The blocks were molded on shore, shipped to the work on scows and set in place by a derrick. Figure 82 shows the construction of the forms for molding the blocks; the bottom tie rods passed through the partitions forming the ends of the molds. The sides were removed in 48 hours and used over again. Figure 83 shows the hooks used for handling the molded blocks. Considerable trouble was had in setting these blocks level and close jointed, owing to the difficulty of leveling up the stone filling under water.

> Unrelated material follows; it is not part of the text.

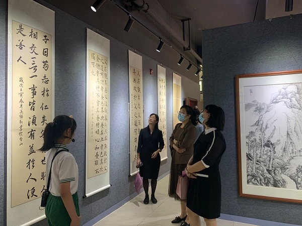 督導專家來到學校后,在梁育波老師的帶領下首先參觀了學校的書畫展廳,接著聆聽了黃思斯老師的中華優(yōu)秀傳統(tǒng)文化課例《飲湖上初晴后雨》。然后集中教師會議室,聽取李煥儀主任作中華優(yōu)秀傳統(tǒng)文化教育實驗學校督導工作匯報。李煥儀從學校實際出發(fā),整合學校相關工作,從整體規(guī)劃、校園文化、課程建設、師資隊伍、課題研究、條件保障、取得成果等多方面匯報學校工作。

The mass concrete was mixed and placed by the scow plant, shown by Fig. 84. The scow was loaded with sufficient sand and cement for a day's work and towed to and moored alongside the pier. Forms were set for the wall on top of the block footing. These forms were placed in lengths of 60 to 75 ft. of wall and resembled the block forms with partitions omitted. The bottoms of the rear uprights were held by being wedged into the grooves in the blocks, and the bottoms of the front uprights were held by bolts resting on top of the blocks. The tops of the uprights were held together across the wall by tie bolts. The forms being placed, the mode of procedure was as follows:
The crusher fed directly into a measuring box. After some 6 ins. of stone had run into the box the door of the crusher spout was closed. A wheelbarrow load of sand was spread over the stone in the box and over this were emptied and spread two or three bags of cement. Another layer of stone and then of sand and of cement were put in and these operations repeated until the box was full. The box was then hoisted and dumped into the hopper of a gravity mixer of the trough type which ran along a track on the scow and fed directly into the forms. The gang worked consisted of 1 foreman, 1 derrickman and 18 common laborers. This gang placed from 65 to 75 cu. yds. of concrete per day at a labor cost of 50 cts. per cu. yd.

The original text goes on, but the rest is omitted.